Not All Languages Are Created Equal in LLMs: Improving Multilingual Capability by Cross-Lingual-Thought Prompting

Haoyang Huang,Tianyi Tang,Dongdong Zhang,Wayne Xin Zhao,Ting Song,Yan Xia,Furu Wei
2023-10-22
Abstract:Large language models (LLMs) demonstrate impressive multilingual capability, but their performance varies substantially across different languages. In this work, we introduce a simple yet effective method, called cross-lingual-thought prompting (XLT), to systematically improve the multilingual capability of LLMs. Specifically, XLT is a generic template prompt that stimulates cross-lingual and logical reasoning skills to enhance task performance across languages. We conduct comprehensive evaluations on 7 typical benchmarks related to reasoning, understanding, and generation tasks, covering both high-resource and low-resource languages. Experimental results show that XLT not only remarkably enhances the performance of various multilingual tasks but also significantly reduces the gap between the average performance and the best performance of each task in different languages. Notably, XLT brings over 10 points of average improvement in arithmetic reasoning and open-domain question-answering tasks.
Computation and Language
What problem does this paper attempt to address?

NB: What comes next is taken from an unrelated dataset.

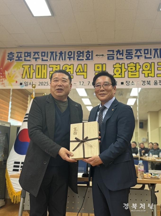 후포면 주민자치위원회(위원장 박영삼)와 금천동 주민자치위원회(위원장 정무신)는 지난 6일 후포 요트 학교에서 양 지역 발전과 상호교류 협력을 위한 자매결연협약을 체결했다.

The problem this paper attempts to address is the significant disparity in the capabilities of large language models (LLMs) when handling different languages. Although LLMs perform excellently in multilingual tasks, their performance varies greatly across different languages, particularly underperforming in low-resource languages. To mitigate this imbalance, the paper proposes a method called Cross-Lingual-Thought Prompting (XLT), which aims to systematically enhance the multilingual capabilities of LLMs. Specifically, XLT uses a universal template prompt to stimulate the model's cross-linguistic and logical reasoning abilities, thereby improving its performance in tasks involving different languages. The paper validates the effectiveness of XLT through comprehensive evaluations on 7 typical benchmarks, which cover reasoning, understanding, and generation tasks, and include both high-resource and low-resource languages. Experimental results show that XLT not only significantly improves the performance of various multilingual tasks but also greatly reduces the performance gap between different languages.